[Work order] What should be copied is the stretch of entries below from the line with "Nous avons bien" up to and including the line with "Realizamos puertas interiores", exactly and without images.

[Provided data]

Start of Block

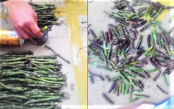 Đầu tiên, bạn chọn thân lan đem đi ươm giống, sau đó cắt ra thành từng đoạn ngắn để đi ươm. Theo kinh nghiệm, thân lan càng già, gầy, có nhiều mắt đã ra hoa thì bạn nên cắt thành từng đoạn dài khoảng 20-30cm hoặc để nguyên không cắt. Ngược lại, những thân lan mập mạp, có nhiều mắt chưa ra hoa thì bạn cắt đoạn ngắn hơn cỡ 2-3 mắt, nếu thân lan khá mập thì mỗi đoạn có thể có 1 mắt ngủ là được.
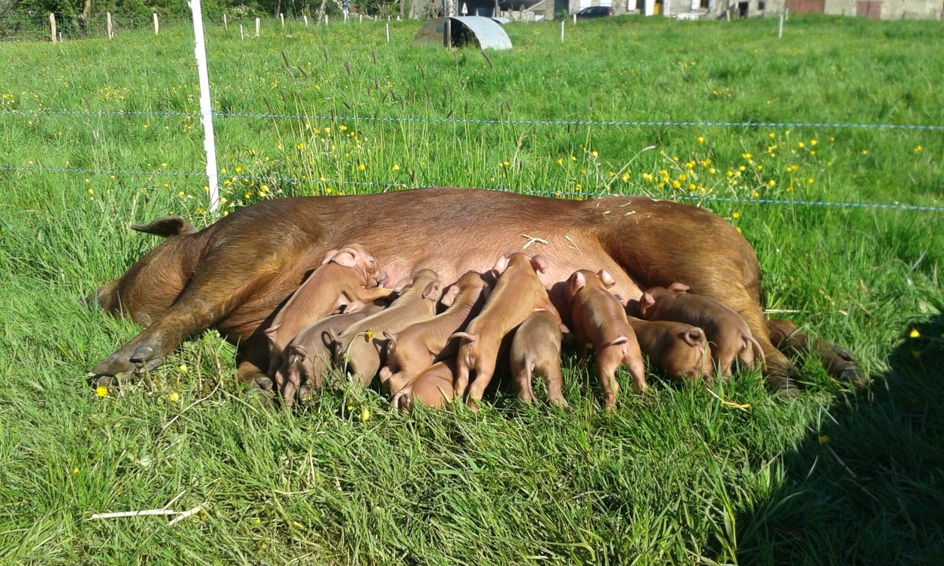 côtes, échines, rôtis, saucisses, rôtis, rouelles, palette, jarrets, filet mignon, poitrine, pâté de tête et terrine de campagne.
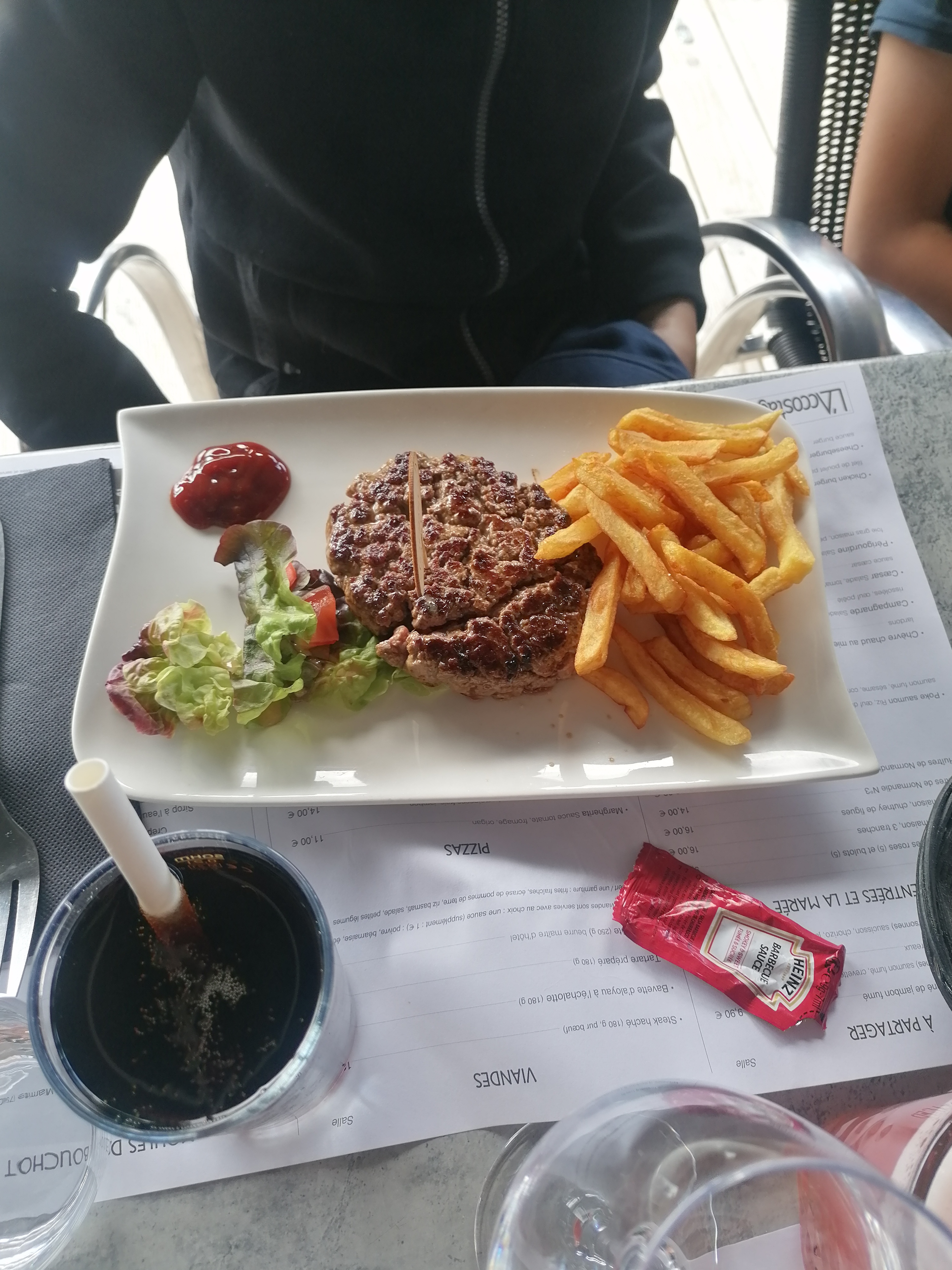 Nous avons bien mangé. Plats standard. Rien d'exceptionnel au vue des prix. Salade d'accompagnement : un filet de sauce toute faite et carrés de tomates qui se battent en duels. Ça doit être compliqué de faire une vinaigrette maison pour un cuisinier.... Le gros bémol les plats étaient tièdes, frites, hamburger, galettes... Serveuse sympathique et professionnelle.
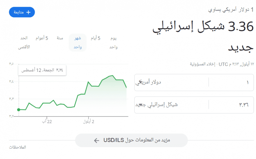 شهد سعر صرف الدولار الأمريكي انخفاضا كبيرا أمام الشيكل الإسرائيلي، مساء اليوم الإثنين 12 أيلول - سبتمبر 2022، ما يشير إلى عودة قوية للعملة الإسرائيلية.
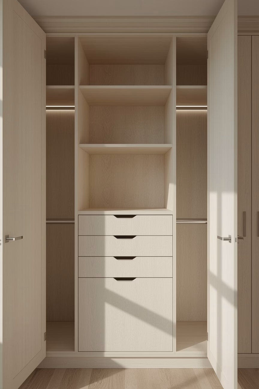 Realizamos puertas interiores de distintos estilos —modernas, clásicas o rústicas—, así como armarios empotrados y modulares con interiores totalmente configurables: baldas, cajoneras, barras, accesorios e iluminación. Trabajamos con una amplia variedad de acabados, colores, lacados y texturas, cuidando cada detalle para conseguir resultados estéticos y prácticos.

End of Block
Start of Block

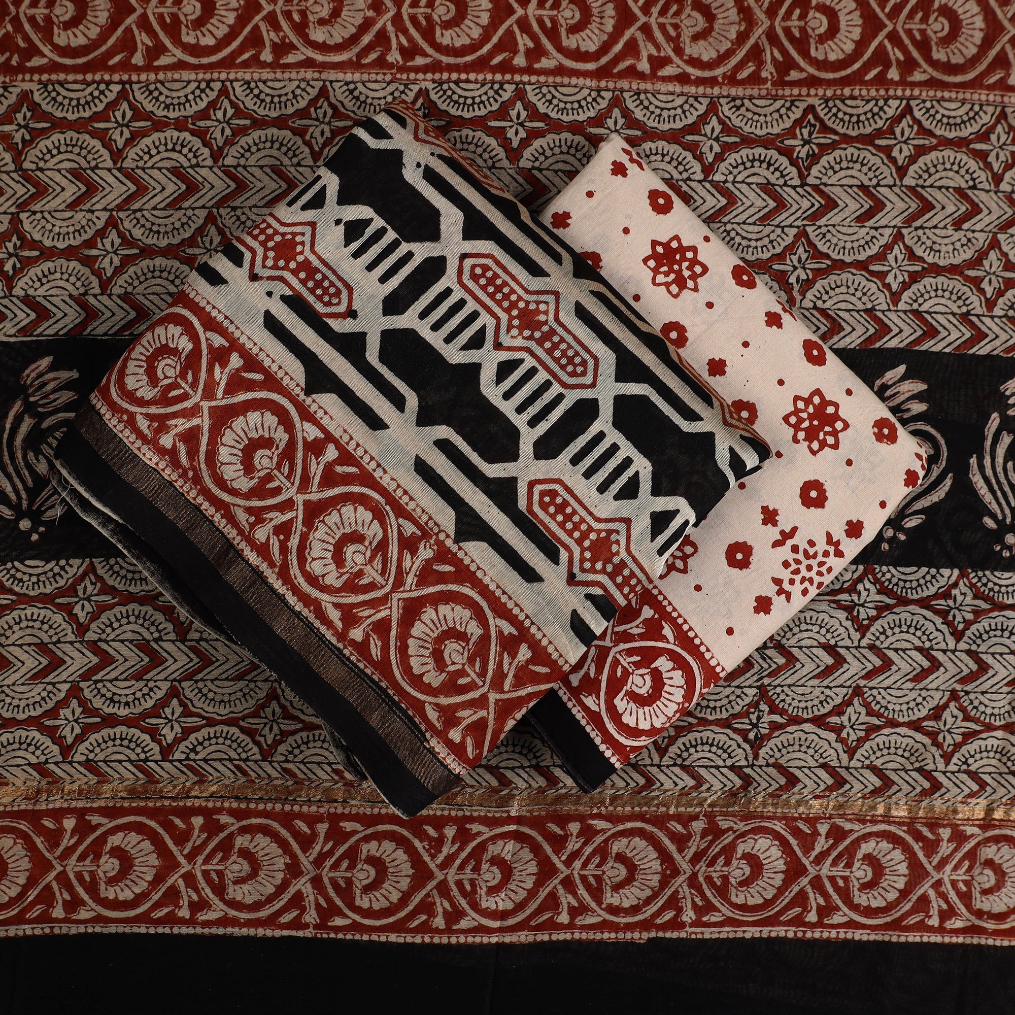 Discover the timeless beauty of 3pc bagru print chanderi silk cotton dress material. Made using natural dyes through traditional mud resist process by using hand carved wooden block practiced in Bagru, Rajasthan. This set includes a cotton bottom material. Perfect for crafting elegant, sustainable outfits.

End of Block

[Written response]
 Nous avons bien mangé. Plats standard. Rien d'exceptionnel au vue des prix. Salade d'accompagnement : un filet de sauce toute faite et carrés de tomates qui se battent en duels. Ça doit être compliqué de faire une vinaigrette maison pour un cuisinier.... Le gros bémol les plats étaient tièdes, frites, hamburger, galettes... Serveuse sympathique et professionnelle.
 شهد سعر صرف الدولار الأمريكي انخفاضا كبيرا أمام الشيكل الإسرائيلي، مساء اليوم الإثنين 12 أيلول - سبتمبر 2022، ما يشير إلى عودة قوية للعملة الإسرائيلية.
 Realizamos puertas interiores de distintos estilos —modernas, clásicas o rústicas—, así como armarios empotrados y modulares con interiores totalmente configurables: baldas, cajoneras, barras, accesorios e iluminación. Trabajamos con una amplia variedad de acabados, colores, lacados y texturas, cuidando cada detalle para conseguir resultados estéticos y prácticos.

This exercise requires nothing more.